Friday, November 16, 2007

Naked and crying

I always hated looking for jobs. The endless forms, the writing of your name a million times, the same information over and over and over and over.

I hated the interviews, in which I would spew the same bullshit answers to different people in different offices with different degrees of enthusiasm.

Grad program hunting. Bleh.

I pretty much have my lists narrowed down, thanks to a conference I just attended. I keep looking, though. Why? Because people tell me that I need some safety schools.

Now, I can certainly understand the reasoning. I applied to four schools last year, interviewed at two, and didn't get in. All four schools were top-notch programs. This left me kinda screwed. Therefore, I should have also applied to "less discriminating" programs.

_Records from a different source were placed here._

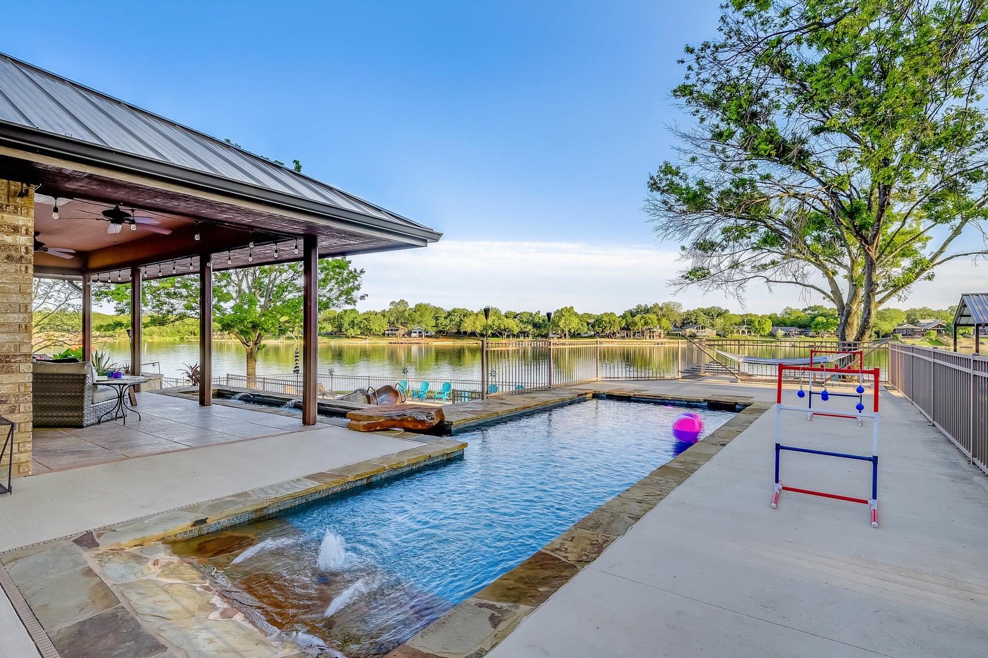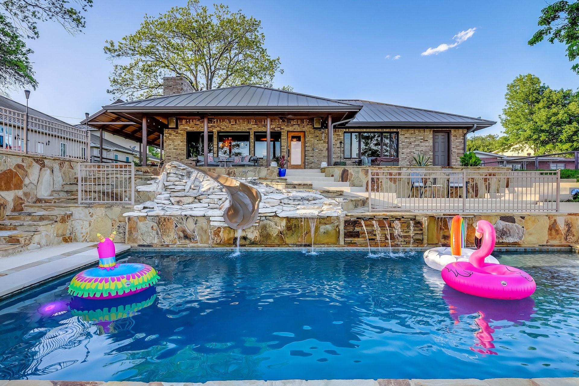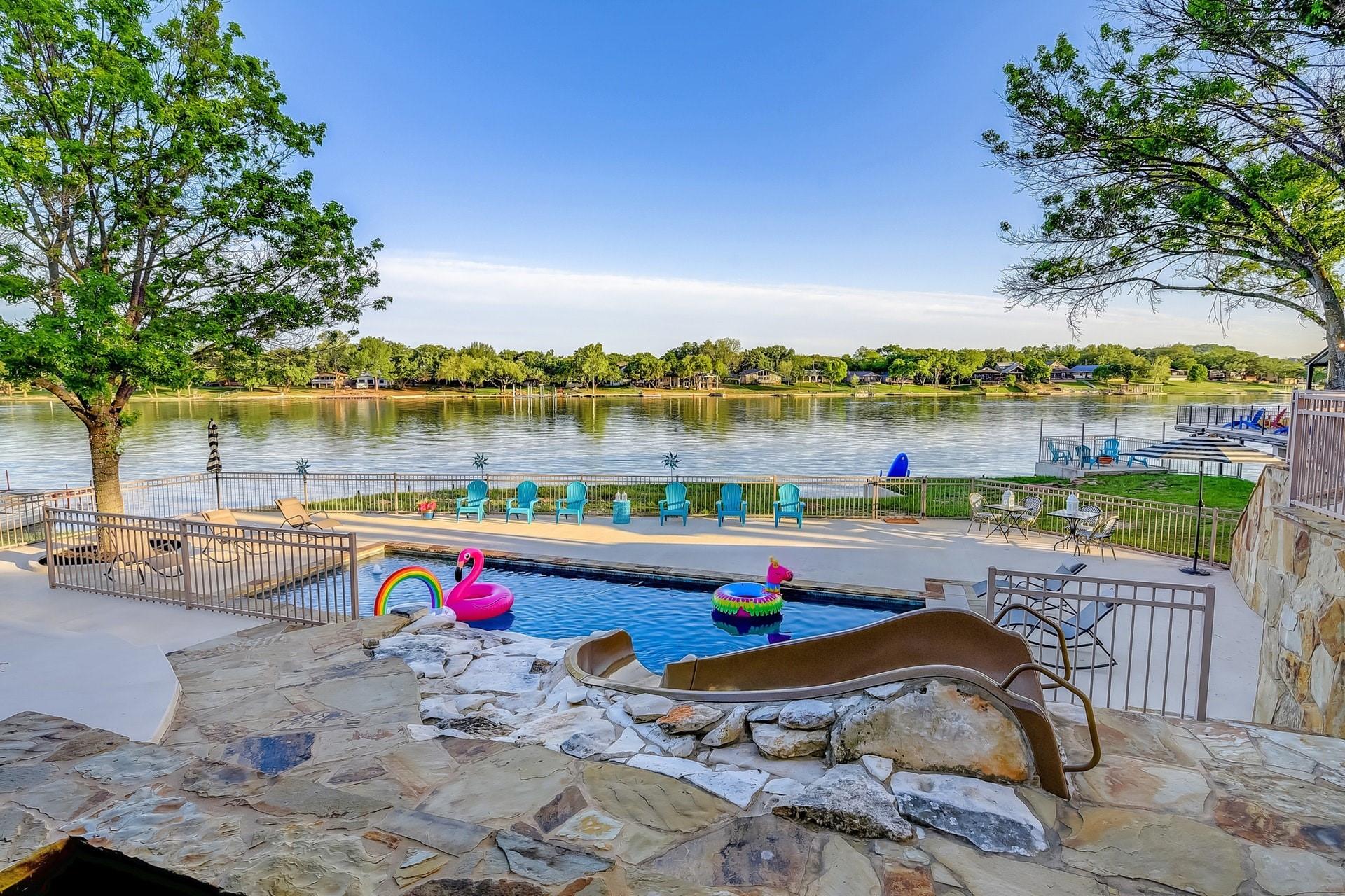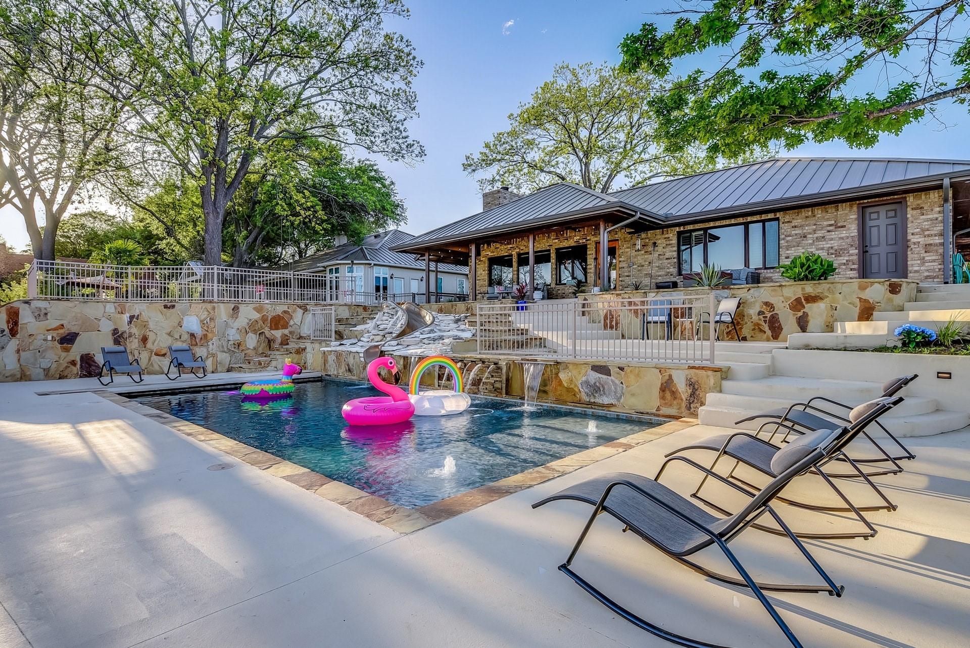 Incredible, vacation rental opportunity with proven track record on Lake LBJ! 4 bedroom, 2.5 bath single-story home with multiple living spaces, two pools, a water slide and a newly constructed boat dock with two slips and room for waverunners. The large lot is over 1/2 acre with 105 feet of south-facing waterfront on the Llano arm of Lake LBJ with outstanding views of the 2900 bridge in one direction and Packsaddle Mountain in the other. Multiple indoor and outdoor living spaces including The Game Room, and a covered outdoor kitchen overlooking one of the pools. Outstanding location close to Boat Town, HEB, Lazy Heron Coffee and the new Hoopers Restuarant in Kingsland. This home is being offered fully-furnished for a turn-key opportunity to start owning your own cash-flowing waterfront asset in the Texas Hill Country. This home did not flood in 2018 and has been well-maintained by its current owners as a 5-star rental property. Many unique features help elevate this property and allow it to stand out amongst the rental competition. Qualified buyers reach out to schedule a tour and come see this opportunity in the Texas Hill Country!
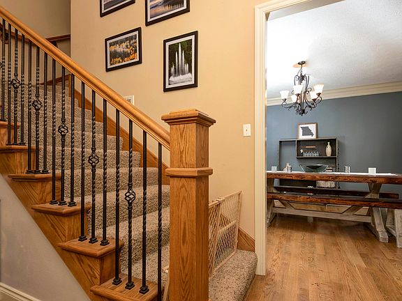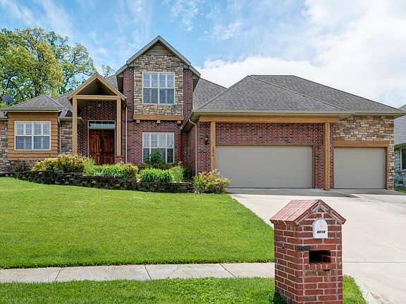 Located in the beautiful Copper Mill subdivision in east Springfield, this home provides great space for daily living or entertaining a crowd. A stone and wood-beam front elevation greets you, and as you enter the double wooden front door you find a large entry and beautiful wood flooring throughout main living areas. A formal dining room faces the front, with huge living space and kitchen divided by a stone see-through fireplace. Second dining space and island seating, lots of cabinet space, Samsung appliances. Custom window blinds throughout. Master bed/bath on main floor with jetted tub, walk-in closet, linen closet, separate water closet and walk-in shower. Second bedroom on main floor also. Two bedrooms and a full bath upstairs, one bedroom is extra large with walk-in closet. Another door opens to large attic storage space. laundry chute from upstairs to main level laundry. Screened back porch, two 40 gallon water heaters, hot water recirculating pump, water filtration system, emergency generator hook-up, zoned HVAC, security system, inground sprinklers, three-car garage and partial wood fenced back yard. Neighborhood HOA includes common area maintenance, trash service, tennis and pool. Only one mile to Hwy 65 & Sunshine intersection for shopping and dining. Sequiota/Pershing/Glendale schools.
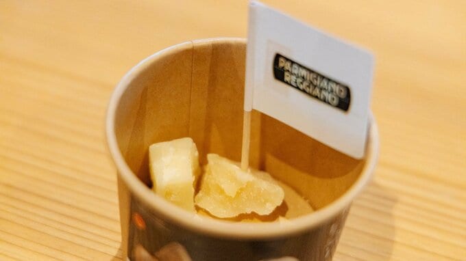 試食で提供されたパルミジャーノ・レッジャーノ。
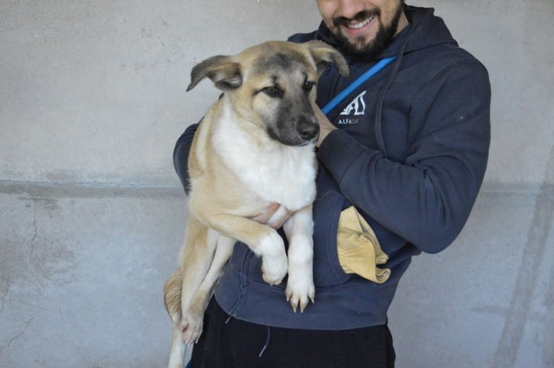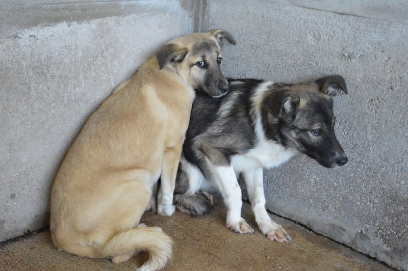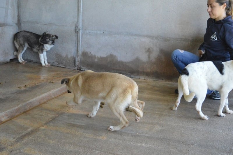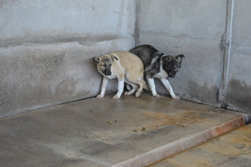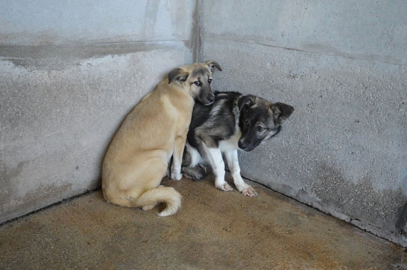 Unsere vier Hundekinder scheinen bislang noch nicht sehr viele Begegnungen mit freundlichen Zweibeinern gehabt zu haben. Bei den Besuchen der mit uns befreundeten Tierschützer im November 2025 zeigten sich alle vier schüchtern, vielleicht sogar ein wenig ängstlich. Es sind keine Angsthunde, aber sie kennen Berührungen, die Leine oder einfach nur die Gegenwart von Menschen, die es gut mit ihnen meinen, nicht. Aber keiner von ihnen hat Aggressivität gezeigt, weder die eine noch der andere hat zum Beispiel bei Berührung zu schnappen versucht, wie das einige Hunde aus Angst oder Unsicherheit tun. Nein, Quivira und ihre Geschwister haben Fluchtwege gesucht, sind unter den Trinkeimer gekrochen oder haben sich hinter einem ihrer Zellengenossen versteckt.

Sure, it makes sense, right? But then I think about the phrase "safety school." It is, essentially, a school I would only go to if my top choices were unavailable. But would I really want to go there, then? Do I want to commit five years of my life to a place I viewed as sub-par? Do I??

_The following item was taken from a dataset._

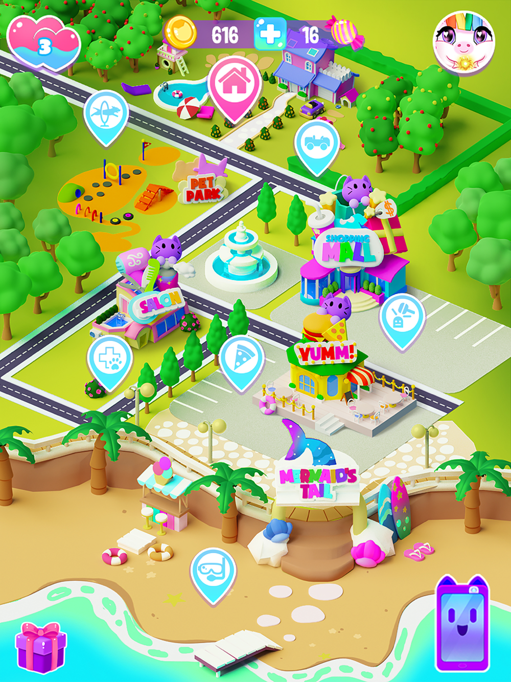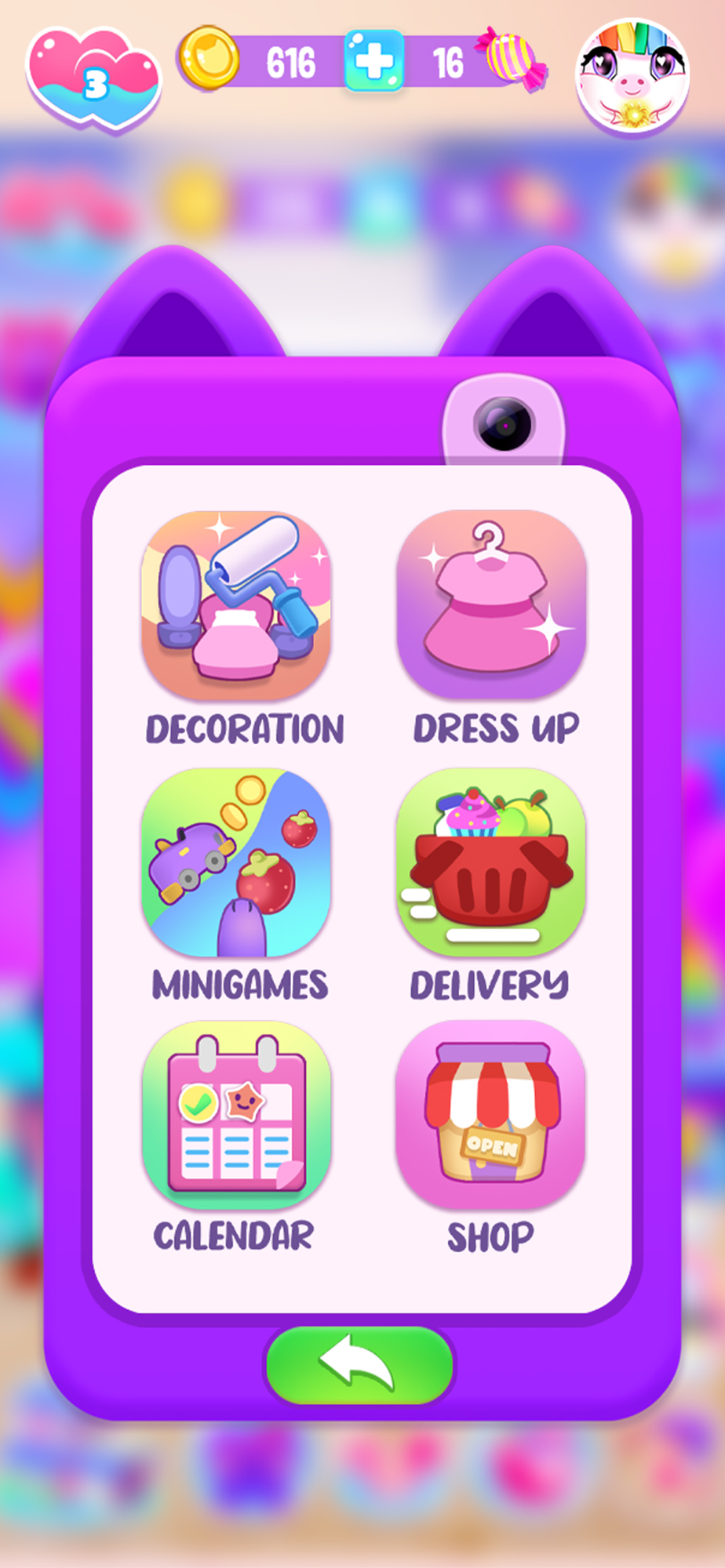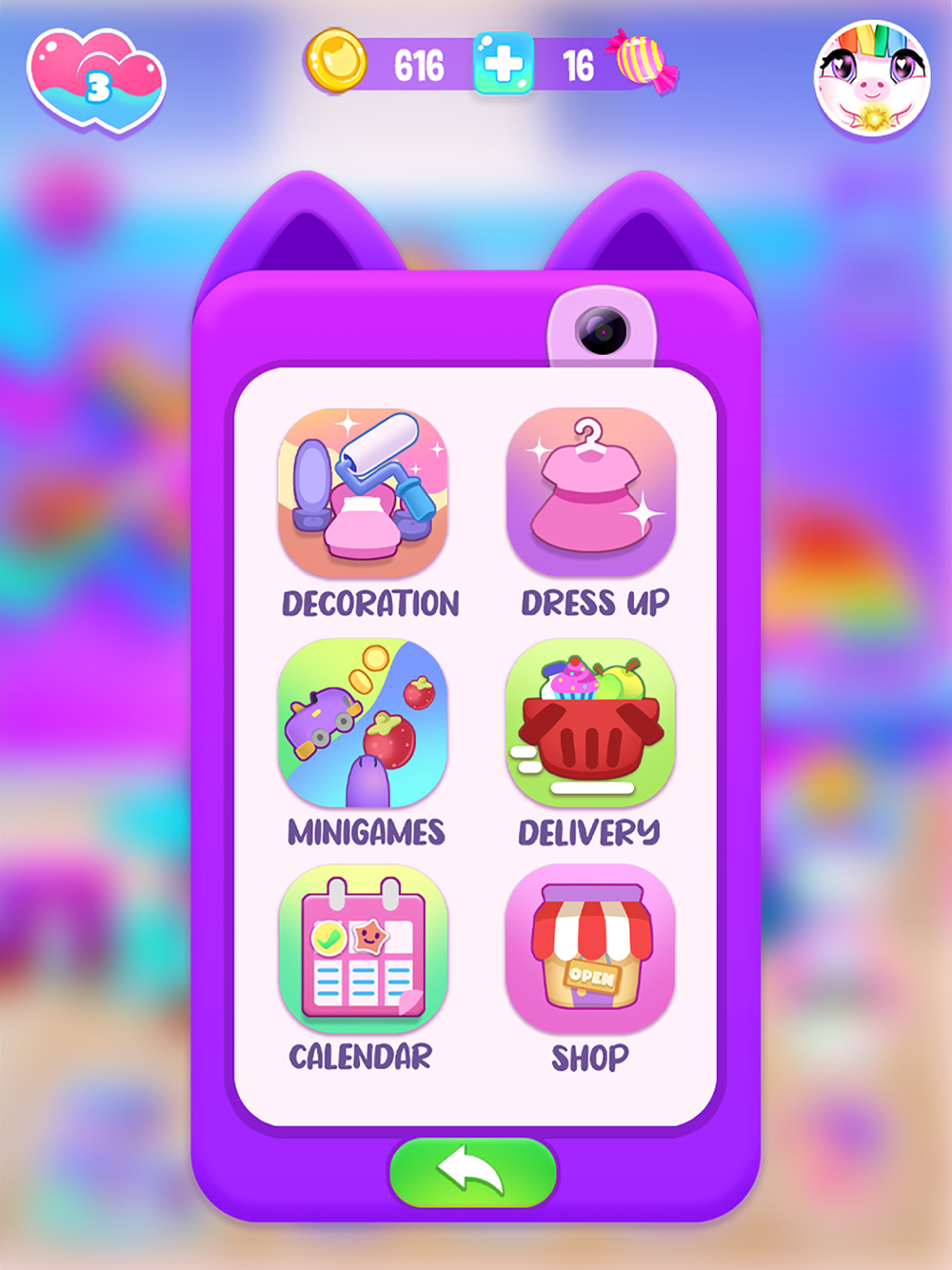 You can decorate Violet’s house as you wish by tapping on the “decoration” icon. Try out different bedframes or wallpapers, the choice is yours. You can also buy new pieces of clothing, check out all of these outfits from the store. In order to buy items, you need to spend coins and candy. That is why we created a lot of fun mini-games for you to earn money easily. For instance, one of them requires you to choose a car from our wide selection. After you have made up your mind drive it past the finish line to level up. Along the way try to collect as many coins as you possibly can. The pizza mini-game is quite simple: take your client’s order and make sure to catch all the right ingredients to be put on the dough. Avoid bombs at all costs and get a perfect match by grabbing all the items that were needed. It is time to color some drawings. Pick out the design that you want and start filling in the lines. On the right side of the screen, you will find tools like crayons, pencils, paint, stencils and so much more. Do not forget to save your drawing! Another great available feature is daily tasks. They will be given to you and if they will be completed you will be rewarded with candy. Next, take Violet’s pet to the salon. Wash off all the dirt and mud by using shampoo, brush her fur. Don’t forget to check up on Violet and her little pet every day for daily rewards!

This time around, yes. Yes I do. My ass is getting in to school this time around or I'm going to set my degree on fire. Or my lab. Or something.

I hate this.

Monday, November 5, 2007

You know what?

I'm tired of looking at my statement.

I'm tired of looking at my CV.

I want to kill the institutions that do not have entirely online applications. What fucking century are we in that I have to physically send in letters? Do they think this reflects well on their high-tech facilities? Fucking paper applications??